Honorables sénateurs, j’aimerais vous faire part de quelque chose qui est profondément enraciné dans ma mémoire. Comme vous le savez, je suis née en Ouganda. Le pays a accédé à l’indépendance en 1962. L’affranchissement du régime colonial était euphorisant pour tous les Ougandais. Or, cette liberté nous a été enlevée quand l’armée et le président Idi Amin sont devenus tout-puissants.

Aujourd’hui encore, je me rappelle ma mère suppliant mon mère, qui était député, de ne pas défier le président. Mon père risquait la mort s’il osait dire ce qu’il pensait. Il répondait à ma mère : « Je veux que mes enfants apprennent à défendre ce qui est juste. »

Un jour, un courageux militaire a averti mon père que les hommes de main d’Idi Amin se rendaient chez nous. Mon père s’est enfui.
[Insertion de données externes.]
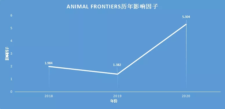 Animal Frontiers于2018年获得首个影响因子1.984分,2019年影响因子1.382分,略有下降。但今年最新的影响因子5.304分,增长迅猛,相比去年,涨幅超283%。

Encore aujourd’hui, nous frissonnons à la pensée qu’il aurait été torturé et tué. Un brave militaire a pris un risque pour sauver la vie de mon père.
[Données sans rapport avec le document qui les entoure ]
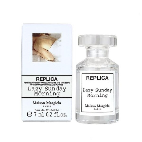 Launch year: 2013. Fragrance Family: Floral Woody. Top notes: Aldehydes, Lily-of-the-valley, Pear. Heart notes: Rose, Iris, Orange blossom. Base notes: White musk, Ambrette (musk mallow), Indonesian patchouli leaf. Design house: Maison Margiela. Design house category: fashion. Scent name: Replica Lazy Sunday Morning. Gender: Unisex. Category: Fragrance. SubType: EDT. Size: 0.23 oz. Barcode: 3614273326919. Maison Margiela Unisex Replica Lazy Sunday Morning EDT 0.23 oz Fragrances 3614273326919. <br/><br/> This item is only valid for shipment in the Contiguous United States & Canada.

Plus tard, mon mari, Nuralla, n’a pas pu échapper aux griffes de l’armée, qui l’a emmené. Ce fut horrible, mais je me contenterai de dire que, si je ne suis pas veuve aujourd’hui, c’est grâce au courage d’un capitaine de police qui a tenu tête à l’armée et insisté pour que mon mari soit conduit au poste de police.
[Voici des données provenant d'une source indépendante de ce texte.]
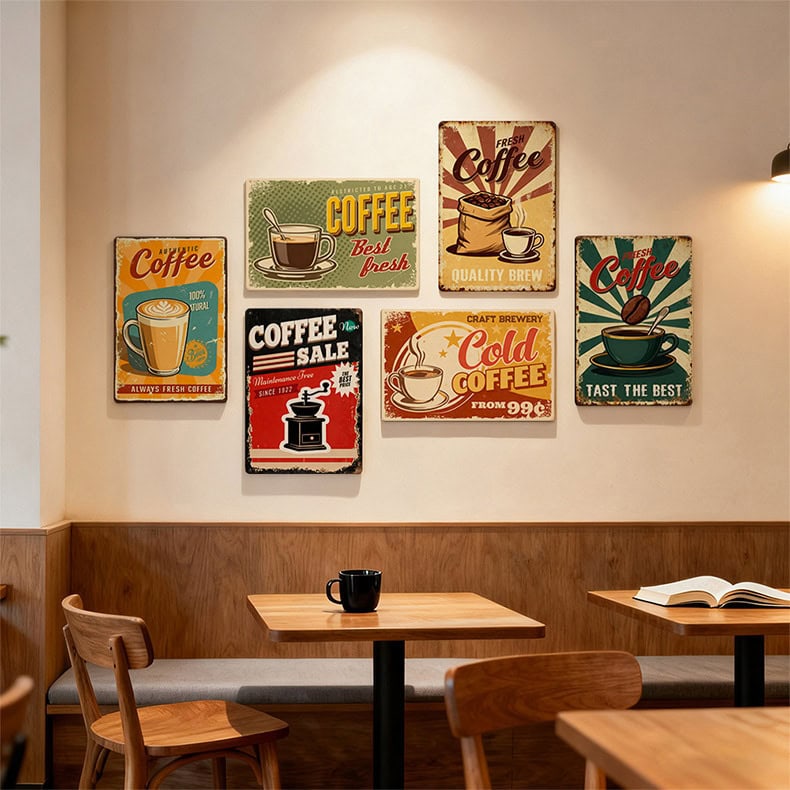 These Custom Vintage Metal Tin Signs are durable decorative products crafted by applying high-resolution visuals onto premium tinplate sheets. They are designed to create visual depth and a nostalgic touch in various environments such as homes, offices, cafes, restaurants, bars, garages, and barbershops. Combining traditional advertising signage logic with modern production standards, these signs offer an authentic look and feel while adding a characteristic atmosphere to any space. Designed as long-lasting Retro Metal Posters or unique design objects, they can be applied directly to wall surfaces to transform the essence of your environment.

Ces deux hommes extrêmement courageux, le militaire et le capitaine de police, auraient pu perdre la vie. Ils ont quand même défendu ce qui était juste. Ils savaient que certains principes valent la peine qu’on risque tout pour les défendre.

Nous vivons dans un grand pays libre que nous appelons fièrement le Canada, et notre chef nous a permis de voter selon notre conscience. Pourquoi alors ne défendrions-nous pas les principes de respect des garanties procédurales et de la primauté du droit ainsi que la Charte canadienne des droits et libertés? Si nous ne le faisons pas, qui le fera? Si je ne le fais pas, qui le fera? Si le Sénat ne le fait pas, qui le fera?

Voici le libellé du bref de Sa Majesté que nous avons reçu lorsque nous avons été nommés au Sénat :

SACHEZ QUE, en raison de la confiance et de l’espoir particuliers que Nous avons mis en vous, autant que dans le dessein d’obtenir votre avis et votre aide dans toutes les affaires importantes et ardues qui peuvent intéresser l’état et la défense du Canada, Nous avons jugé à propos de vous appeler au Sénat du Canada.

Honorables sénateurs, je vous incite fortement à appuyer la motion du sénateur Cowan et de la sénatrice Fraser et à accorder aux sénateurs Duffy, Brazeau et Wallin les garanties procédurales habituelles, un principe que nous chérissons tous.